After implementing our queue genetic algorithm, we used it to sharpen all three production systems. We used multi-point crossover to separate each variable in the chromosome to ensure that if a chromosome found a strong variable value, it wouldn’t break the bitstring of that variable in half and combine it with half the bitstring of another parent, thus losing the strong variable value. In addition, we were able to set our queue genetic algorithm to run multiple bots in parallel, which allowed us to train each batch of offspring simultaneously, put them in the place of the oldest parent chromosomes, and repeat; this made the training process many times more efficient and allowed us more time to focus on other aspects of the project.
Neural Network
A neural network seemed to be the right tool for the agent to decide which board member to listen to because the neural network is an extremely flexible multivariate function replicator, taking a set of inputs and generating a set of outputs however you would like it to, depending on how many hidden layers it has. We gave the network 5 inputs, including the distances to the wall in front of, behind, and in the direction of motion of the agent, the distance of the closest enemy, and the distance of the closest bullet. We used backpropagation techniques to train the neural network, using the following annotation: if the agent’s distance to a wall is below a threshold value, listen to the maneuvering board member; else, if the agent is near the enemy, use the attacker’s advice; else, if the agent is near a bullet, then defend; else, listen to the attacker.
Evolution
Maneuver
This moving average shows improvement of the chromosome to move around the map without colliding. The bot was awarded a point for every frame alive plus half its speed in every frame to motivate it to move. 280 points were deducted for every collision.
Attack
This moving average shows improvement of the chromosome to attack enemy ship in the map. The bot was awarded 200 points for every kill. No deductions.
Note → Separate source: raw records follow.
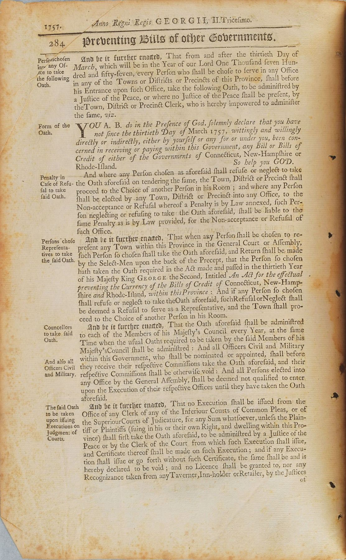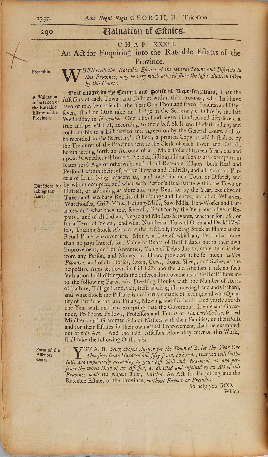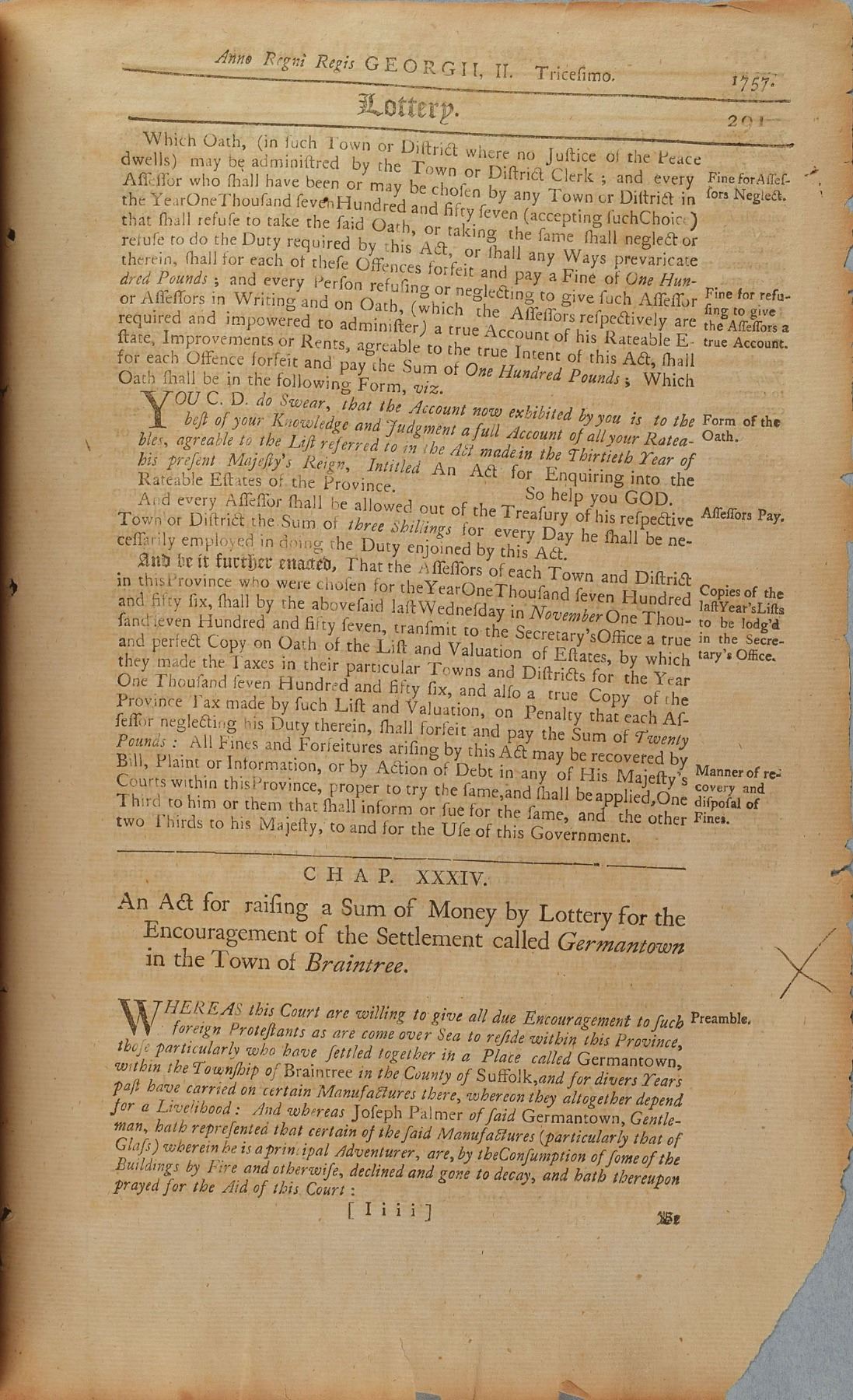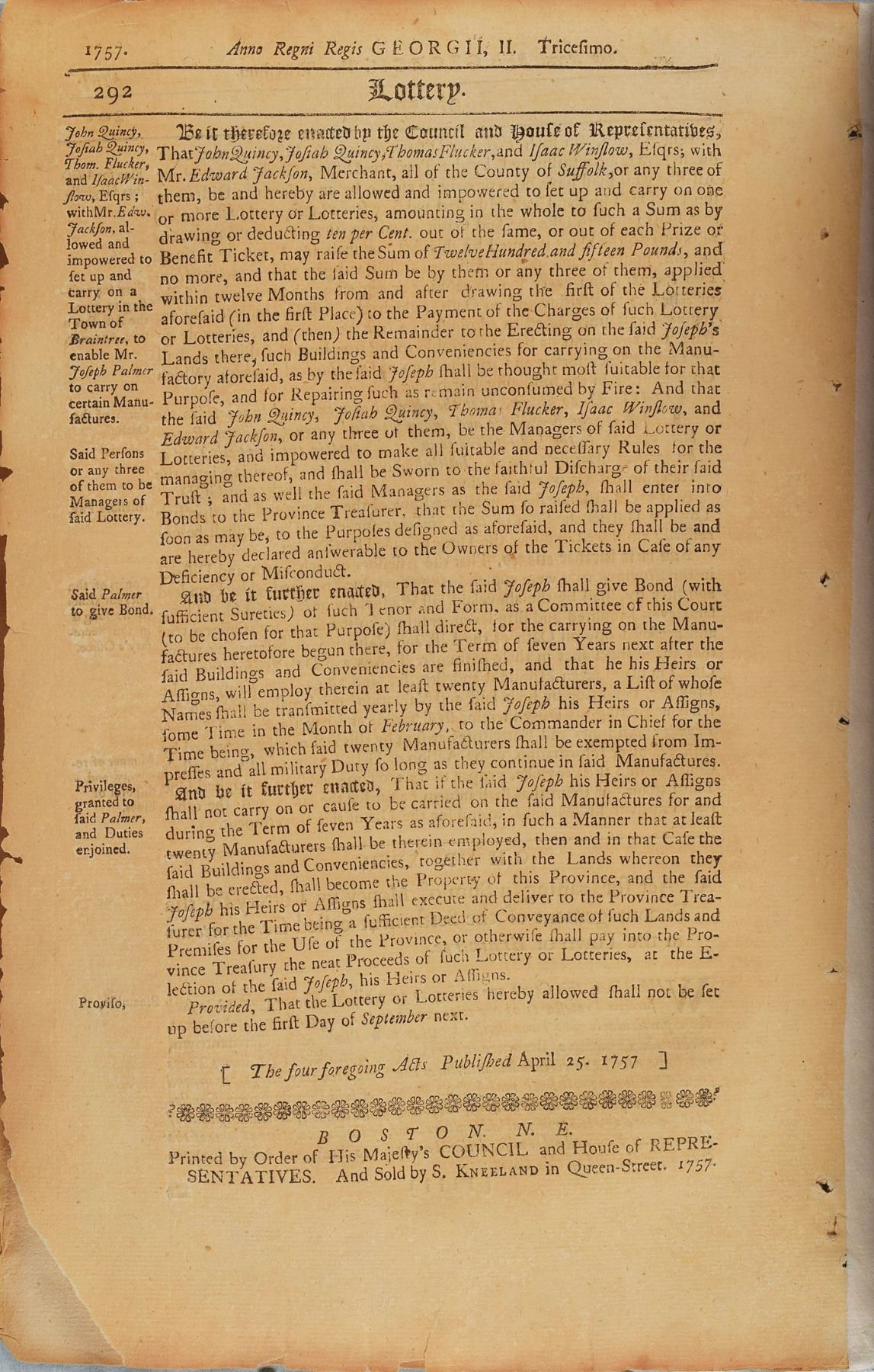 Rare 1757 booklet of "Acts and Laws Passed by the Great and General Court or Assembly of His Majesty's Province of the Massachusetts–Bay," ten total pages, 7.75 x 11.75, consisting of pages 283–292, the sessions were "Begun and Held at Boston, upon Wednesday the twenty-sixth Day of May 1756. And continued by sundry Prorogations and Adjournment, to the thirtieth Day of March Following, and then met." Articles listed within are as such: "Chap. XXVII. An Act for the effectual preventing the Currency of the Bills of Credit of Connecticut, New–Hampshire, and Rhode–Island, within this Province"; "Chap. XXIX [XXVIII]. An Act laying an Embargo upon Ships and other Vessels in this Province"; "Chap. XXIX. An Act to prevent the Desertion of Soldiers during the present War with France, and the Loss of Arms, whether lent by his Majesty, or belonging to this Province"; "Chap. XXX. An Act for supplying the Treasury with the Sum of Twelve Thousand Pounds"; "Chap. XXXI. An Act appointing the Times for holding the Superior Courts of Judicature &c. in the Counties of Plymouth and Barnstable for the present Year"; "Chap. XXXII. An Act for the Encouragement of Seamen to enlist themselves in such Vessels of War as are or shall be Commissioned and fitted out by the Government during the present war with France"; "Chap. XXXIII. An Act for Enquiring into the Rateable Estates of the Province"; and "Chap. XXXIV. An Act for raising a Sum of Money by Lottery for the Encouragement of the Settlement called Germantown in the Town of Braintree." Bound into a presentation folder. In very good condition, with scattered foxing and toning.
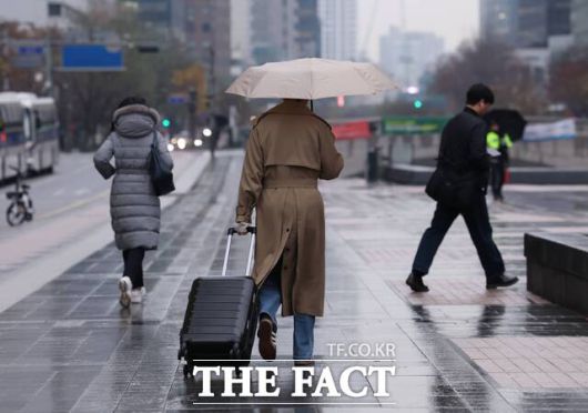 기상청에 따르면 이날 새벽(00~06시)부터 오전(06~12시) 사이 전국 대부분 지역에서 비가 내리고 일부 중부지방과 경상권, 제주도는 오후(12~18시)까지 곳에 따라 비가 이어지겠다.
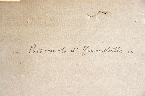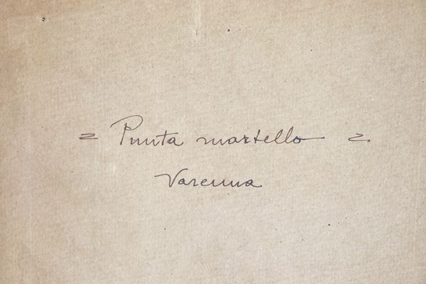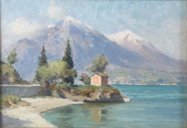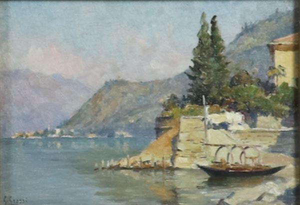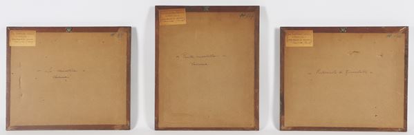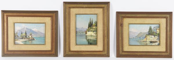 "Views of Morcatina and Punta Martello in Varenna" and "View of the small port of Fiumelatte", lot of three small oil paintings [..]
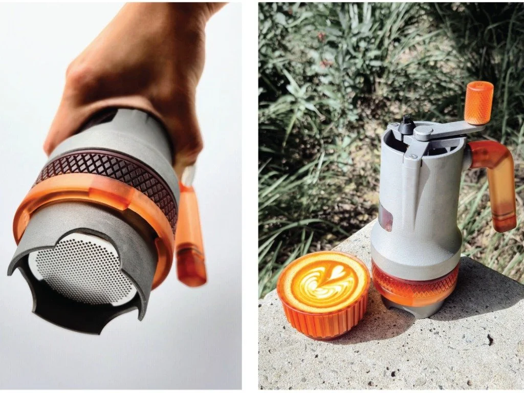 Designed for the outdoors — camping or short hiking trips — it is manually powered and designed to reach pressures of 9 bar (the ideal extraction pressure for espresso). It integrates an espresso machine, grinder, WDT tool, cup, and milk-texturing wand into one compact, durable product, with space to store two doses' worth of beans in the chamber to save further space.
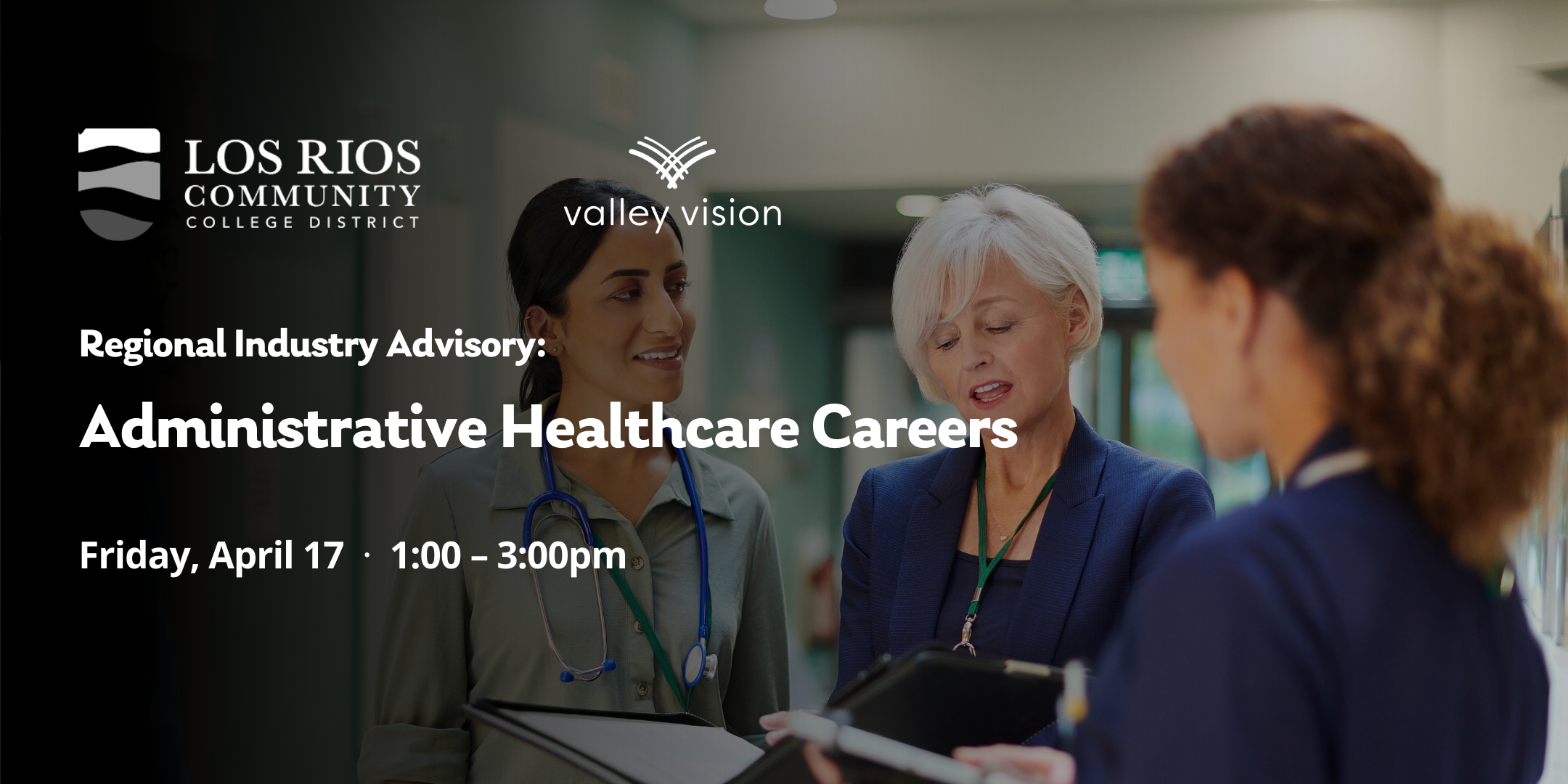 Join Los Rios Community College District and Valley Vision for the Administrative Healthcare Advisory on Friday, April 17, from 1:00–3:00 p.m. This regional convening will bring together healthcare leaders, administrators, educators, and workforce partners to explore current and emerging needs across healthcare administration.

There was an enemy bot in the map that would move around and also shoot.
Defense
This moving average shows improvement of the chromosome to defend and dodge the enemy bullet. 10 points for ever frame alive and deduct 280 for a death. 8 enemy bots in the frame always try to shoot the chromosome.
MANEUVER
The adjacent video shows how the chromosome evolved to maneuver around the simple map
ATTACK
The adjacent video shows how the chromosome evolved to shoot down and attack an enemy agent in the simple X-pilot map
DEFEND
The adjacent video shows evolution of a chromosome to defend and dodge bullets being shot towards it by 8 enemy agents.
GAME PLAY
The adjacent video shows the neural net in action. It is switching between maneuvering, attacking and defending based on the environment variables.
Training
After all 3 chromosomes were evolved, it was time to stitch them together in one code. This is where the neural net steps in. We generated 1000 dummy input instances with ground truths. These inputs read 5 variables from the environment like mentioned above. The net's job was to decide which chromosome to activate in any given frame. To put it simply - always stay in the attacking mode until - if near walls than maneuver, if near enemy agent/bullet then defend.
​
The architecture of the net is simple - 1 input layer with 5 perceptrons, 1 hidden layer with 4 perceptrons and 1 output. The output tells which chromosome to activate. The net was learning using back propagation on all 1000 inputs over 100 epochs with a learning rate of 0.1. The net was able to achieve an accuracy of 100%.
OUTCOME
Overall, our project was a success. We saw a strong improvement in the attacking chromosome over time and a decent improvement in the maneuvering chromosome. There was some improvement in the defending chromosome over generations; evading a moving projectile is a very difficult task, and we aim to work more on that production system. However, the neural network operated seamlessly, and we were able to produce a fully operational advisory-board-driven agent. The performance of the agent was very strong relative to previous intelligence designs our group had worked on in the past, and we intend to continue its development further in the future.